Here is a recent story about Allegheny College, showing their declining enrollment trends and recent S&P ratings cut for their debt. https://finance.yahoo.com/news/longtime-pennsylvania-liberal-arts-college-204417049.html

Allegheny has a good reputation as a small, quality, private liberal arts university located in western Pennsylvania. I have had several colleagues who have kids who graduated from there, and they generally thought it was a good school. Allegheny has 1,353 students, but this is down 37% from 2012. It also has an endowment of $264M (or about $198K per student per the NACUBO report;  VU has an endowment per student of $110K per student). The report highlights some of the same enrollment headwinds that have been discussed elsewhere.
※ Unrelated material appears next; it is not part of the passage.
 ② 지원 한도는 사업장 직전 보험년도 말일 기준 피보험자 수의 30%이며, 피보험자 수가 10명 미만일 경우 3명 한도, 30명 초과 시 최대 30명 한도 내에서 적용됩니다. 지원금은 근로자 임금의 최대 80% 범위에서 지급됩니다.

My recent posts seem to be negative, instead I am trying to share some facts about the situation facing VU and other, similarly-sized private institutions.

vu84v2

Quote from: valpo95 on February 16, 2024, 08:11:31 AM
Here is a recent story about Allegheny College, showing their declining enrollment trends and recent S&P ratings cut for their debt. https://finance.yahoo.com/news/longtime-pennsylvania-liberal-arts-college-204417049.html

Allegheny has a good reputation as a small, quality, private liberal arts university located in western Pennsylvania. I have had several colleagues who have kids who graduated from there, and they generally thought it was a good school. Allegheny has 1,353 students, but this is down 37% from 2012. It also has an endowment of $264M (or about $198K per student per the NACUBO report;  VU has an endowment per student of $110K per student). The report highlights some of the same enrollment headwinds that have been discussed elsewhere.
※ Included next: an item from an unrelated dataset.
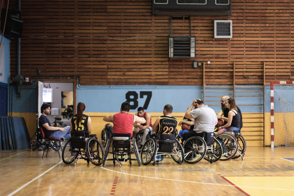 Μιλήσαμε φυσικά και για το μπάσκετ ΑμεΑ. Για τους κανονισμούς του, το επίπεδο επαγγελματισμού κι εμπορικότητας σε σχέση με το εξωτερικό, τον προπονητή τους Βάιο Γιώρα (πρωταθλητή Ευρώπης με τους Παίδες το 1989 και πρωτοπόρο στον ειδικό αθλητισμό στη χώρα μας μετά το δικό του ατύχημα στα μέσα των 90s), το αδυσώπητο «ξύλο» που πέφτει όταν προστίθενται τα αμαξίδια στις μάχες της ρακέτας.

My recent posts seem to be negative, instead I am trying to share some facts about the situation facing VU and other, similarly-sized private institutions.

I took a look at Allegheny College's website. The striking thing here is that they have very few majors that can directly be tied to jobs/careers. Computer science is the exception. For "business", it is really just economics branded as business - no faculty or courses in accounting, marketing, supply chain, finance, etc. Bottom line is that they are a pure liberal arts + sciences college. Allegheny may do this very well, but that is not where the market is. Students and their families value these areas, but if they are going to pay a significant amount for college they expect a clear path to meaningful employment after four years. Thus, Allegheny is different from Valpo as Valpo has a meaningful and accredited College of Business, engineering, health sciences, nursing, etc.

valpo95

Quote from: vu84v2 on February 16, 2024, 08:51:01 AM
I took a look at Allegheny College's website. The striking thing here is that they have very few majors that can directly be tied to jobs/careers. Computer science is the exception. For "business", it is really just economics branded as business - no faculty or courses in accounting, marketing, supply chain, finance, etc. Bottom line is that they are a pure liberal arts + sciences college. Allegheny may do this very well, but that is not where the market is. Students and their families value these areas, but if they are going to pay a significant amount for college they expect a clear path to meaningful employment after four years. Thus, Allegheny is different from Valpo as Valpo has a meaningful and accredited College of Business, engineering, health sciences, nursing, etc.

84, all good points. Allegheny is not the same as VU, though there are few direct comparisons to VU that map across all dimensions. However, historically VU's largest program has been the College of Arts and Sciences - this is the same "pure liberal arts" focus you mentioned above. The challenge is the market and interest is moving away from those programs, even as the pool of eligible students gets smaller.

One of the continued takeaways for me is how difficult the job is for VU's leadership to navigate all of those factors. 

vu84v2

Quote from: valpo95 on February 19, 2024, 08:00:27 AM

One of the continued takeaways for me is how difficult the job is for VU's leadership to navigate all of those factors. 

In fairness to VU's leadership, this is hard for most university's leadership to navigate. A company facing a major shift can repurpose or retrain its people, but that is far more rare for universities. Further, because of tenure universities need to retain many faculty regardless of whether their discipline is growing, steady or in decline. Only deep-pocketed universities can fund this sort of inefficiency. Not to mention the resistance by some parts of the organization or the need to partially retain those areas for a robust core curriculum.